Walter of Henley employed a "rustic" style of writing, making use of proverbs in French and English to make his points memorable. His work makes for pleasurable reading, so much so that Professor Bertha Haven Putnam noted, as a teacher, that "American undergraduate students read no mediæval work with greater pleasure than Walter of Henley's treatise."

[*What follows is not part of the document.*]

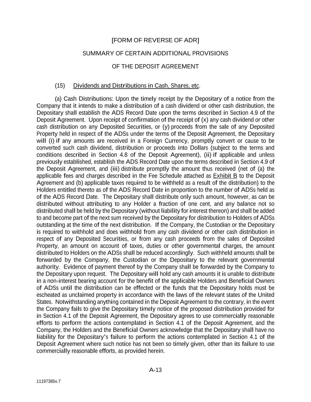 A-13 11197385v.7 [FORM OF REVERSE OF ADR] SUMMARY OF CERTAIN ADDITIONAL PROVISIONS OF THE DEPOSIT AGREEMENT (15) Dividends and Distributions in Cash, Shares, etc. (a) Cash Distributions: Upon the timely receipt by the Depositary of a notice from the Company that it intends to make a distribution of a cash dividend or other cash distribution, the Depositary shall establish the ADS Record Date upon the terms described in Section 4.9 of the Deposit Agreement. Upon receipt of confirmation of the receipt of (x) any cash dividend or other cash distribution on any Deposited Securities, or (y) proceeds from the sale of any Deposited Property held in respect of the ADSs under the terms of the Deposit Agreement, the Depositary will (i) if any amounts are received in a Foreign Currency, promptly convert or cause to be converted such cash dividend, distribution or proceeds into Dollars (subject to the terms and conditions described in Section 4.8 of the Deposit Agreement), (ii) if applicable and unless previously established, establish the ADS Record Date upon the terms described in Section 4.9 of the Deposit Agreement, and (iii) distribute promptly the amount thus received (net of (a) the applicable fees and charges described in the Fee Schedule attached as Exhibit B to the Deposit Agreement and (b) applicable taxes required to be withheld as a result of the distribution) to the Holders entitled thereto as of the ADS Record Date in proportion to the number of ADSs held as of the ADS Record Date. The Depositary shall distribute only such amount, however, as can be distributed without attributing to any Holder a fraction of one cent, and any balance not so distributed shall be held by the Depositary (without liability for interest thereon) and shall be added to and become part of the next sum received by the Depositary for distribution to Holders of ADSs outstanding at the time of the next distribution. If the Company, the Custodian or the Depositary is required to withhold and does withhold from any cash dividend or other cash distribution in respect of any Deposited Securities, or from any cash proceeds from the sales of Deposited Property, an amount on account of taxes, duties or other governmental charges, the amount distributed to Holders on the ADSs shall be reduced accordingly. Such withheld amounts shall be forwarded by the Company, the Custodian or the Depositary to the relevant governmental authority. Evidence of payment thereof by the Company shall be forwarded by the Company to the Depositary upon request. The Depositary will hold any cash amounts it is unable to distribute in a non-interest bearing account for the benefit of the applicable Holders and Beneficial Owners of ADSs until the distribution can be effected or the funds that the Depositary holds must be escheated as unclaimed property in accordance with the laws of the relevant states of the United States. Notwithstanding anything contained in the Deposit Agreement to the contrary, in the event the Company fails to give the Depositary timely notice of the proposed distribution provided for in Section 4.1 of the Deposit Agreement, the Depositary agrees to use commercially reasonable efforts to perform the actions contemplated in Section 4.1 of the Deposit Agreement, and the Company, the Holders and the Beneficial Owners acknowledge that the Depositary shall have no liability for the Depositary’s failure to perform the actions contemplated in Section 4.1 of the Deposit Agreement where such notice has not been so timely given, other than its failure to use commercially reasonable efforts, as provided herein.

A manuscript of Walter of Henley's work dating from the fifteenth century stated that it was translated into English by Robert Grosseteste, Bishop of Lincoln. This attribution has often been considered a mistake, probably arising from the fact that Robert wrote his own agrarian treatise called Rules, but Power argues that it is not far-fetched to associate Walter of Henley's treatise with the bishop of Lincoln since the latter was obviously interested in the subject.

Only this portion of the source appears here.